>>>>>

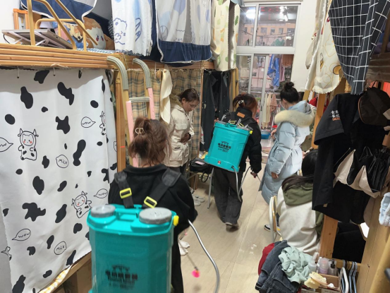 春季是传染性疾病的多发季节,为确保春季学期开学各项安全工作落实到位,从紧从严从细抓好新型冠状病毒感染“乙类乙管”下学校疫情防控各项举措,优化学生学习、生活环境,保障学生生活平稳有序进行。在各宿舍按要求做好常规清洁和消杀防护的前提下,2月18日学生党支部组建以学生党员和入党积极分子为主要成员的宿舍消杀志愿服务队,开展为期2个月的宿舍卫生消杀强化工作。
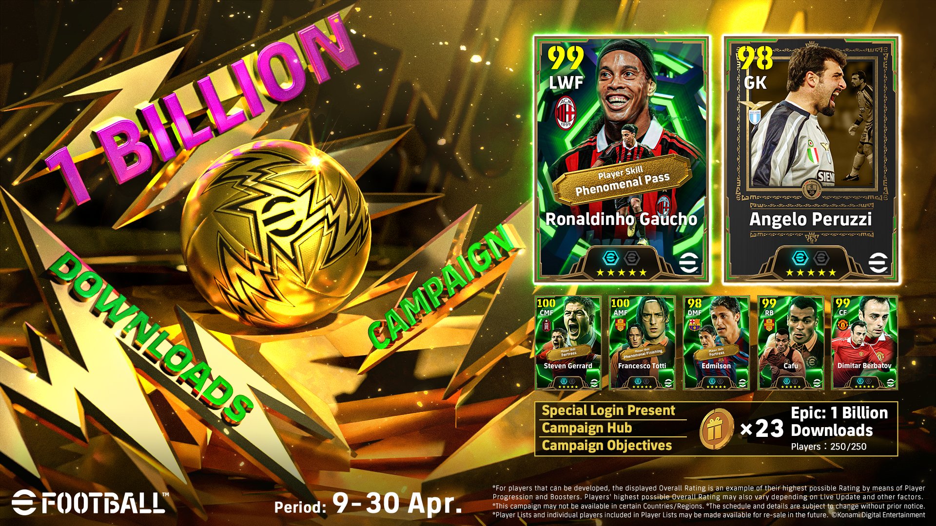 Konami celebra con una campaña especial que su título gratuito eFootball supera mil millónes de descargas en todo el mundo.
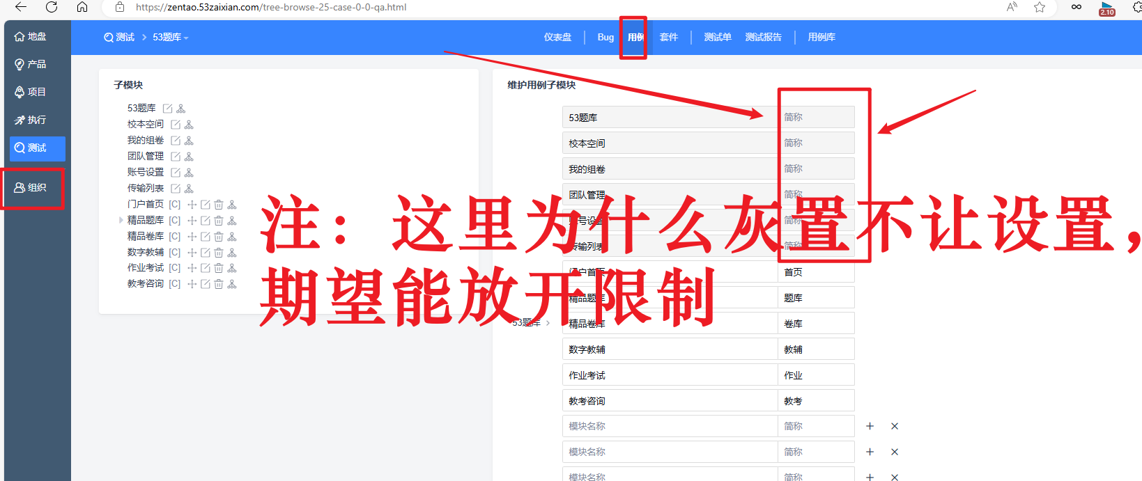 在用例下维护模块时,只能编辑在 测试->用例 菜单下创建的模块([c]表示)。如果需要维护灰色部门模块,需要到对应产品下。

<<<<<

> **Task objective**
Everything above except the pictures must be restated exactly.

> **Output of the task**
 春季是传染性疾病的多发季节,为确保春季学期开学各项安全工作落实到位,从紧从严从细抓好新型冠状病毒感染“乙类乙管”下学校疫情防控各项举措,优化学生学习、生活环境,保障学生生活平稳有序进行。在各宿舍按要求做好常规清洁和消杀防护的前提下,2月18日学生党支部组建以学生党员和入党积极分子为主要成员的宿舍消杀志愿服务队,开展为期2个月的宿舍卫生消杀强化工作。
 Konami celebra con una campaña especial que su título gratuito eFootball supera mil millónes de descargas en todo el mundo.
 在用例下维护模块时,只能编辑在 测试->用例 菜单下创建的模块([c]表示)。如果需要维护灰色部门模块,需要到对应产品下。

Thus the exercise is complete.